Amy Richlin (UCLA) "How to Suppress a Homoerotic Classic: The Poems of Strato in Early Modern Europe"
450 Jane Stanford Way Building 110, Stanford, CA 94305
112
Talk description:
Do we really need to know about every literary work that made it through the Middle Ages? Greek epigrams have a surprisingly fraught history for such a slight genre. The “Greek Anthology,” as it is known today, is a collection of collections: some made in antiquity, some in Byzantium. In the 1300s Maximus Planudes made an expurgated version which became the one best known in the western Renaissance. It went on to great popularity, a model for poets in France and Italy. But in 1607 the 18-year-old Claude Saumaise rediscovered the unexpurgated Anthology in the Palatine Library at Heidelberg; we will look at the lively exchange of letters between Saumaise and his mentors as they debated whether to publish Book 12, Strato’s Musa Puerilis. They never did. 150 years later we find the snarky media don Christian Klotz publishing a small selection, with his reasons why, as opposed to Johann Reiske, who had reasons why not.

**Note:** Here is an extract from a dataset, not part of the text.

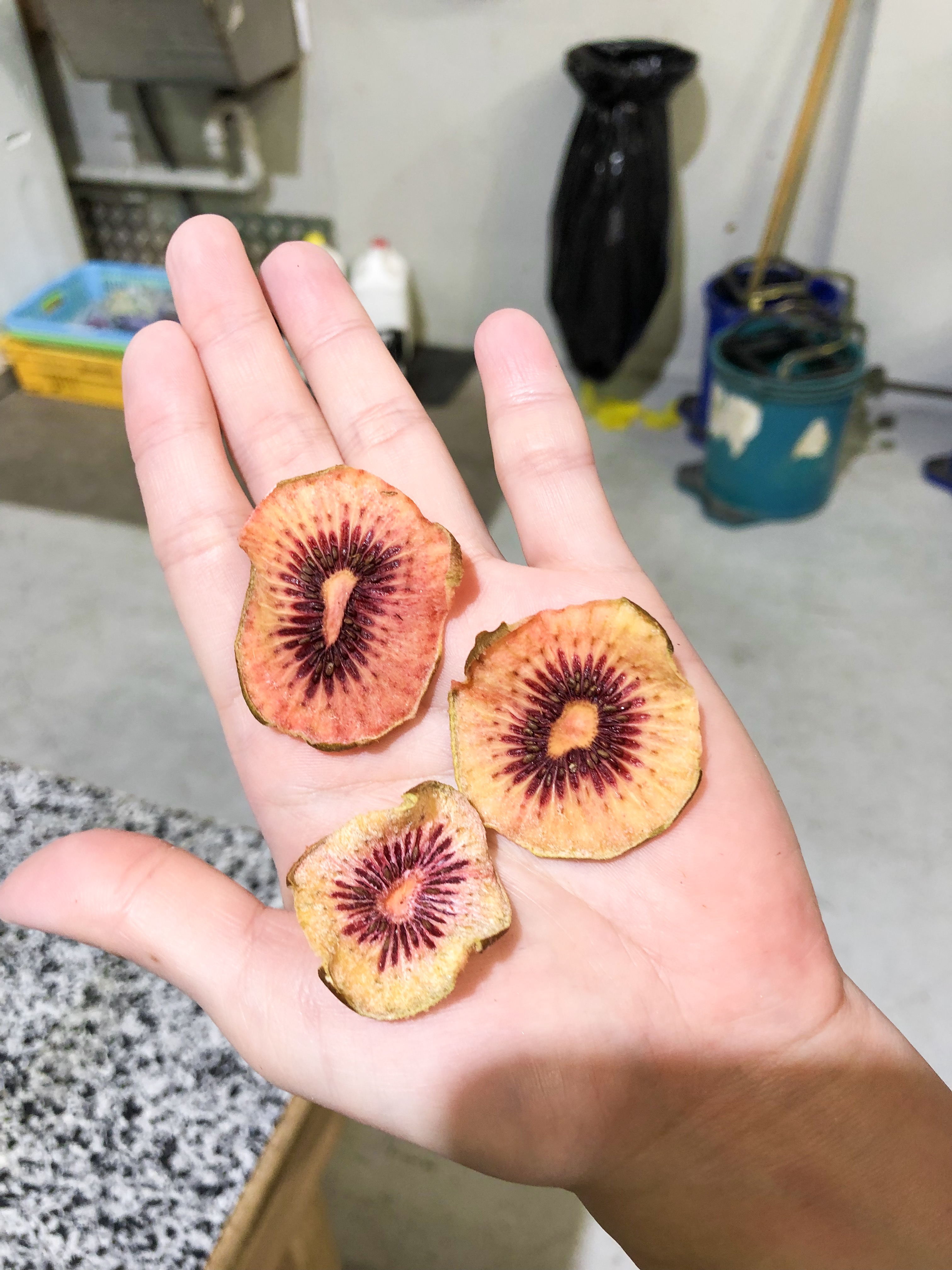而且倒掉的sample我之前就一直很想嚐嚐看了😝因為做實驗是要將奇異果切片,烘乾,所以做完實驗的Sample就是「奇異果乾」,倒著一盤盤淡淡果香的奇異果乾,能不偷嚐幾口嗎XD

In the 1790s Richard Brunck’s version was halted by his imprisonment during the Terror; it was not until 1814 that Friedrich Jacobs’ definitive edition of Book 12 was published – at which time it ran into the brick wall of the conservative backlash and sank, a notorious dirty book. Book 12 was not translated into English until the 1916 Loeb, and there it lies, known to even fewer people now than in the 1800s. Simone de Beauvoir asked, Must we burn Sade? I ask you, should we read Strato?
Short Bio:
Amy Richlin is Distinguished Research Professor of Classics at UCLA. Her last book, Slave Theater in the Roman Republic, won the Goodwin Award from the SCS in 2018. She is currently completing a long-term project on the love letters of the young Marcus Aurelius and his teacher Cornelius Fronto.
This talk will not be recorded and will not be available on Zoom.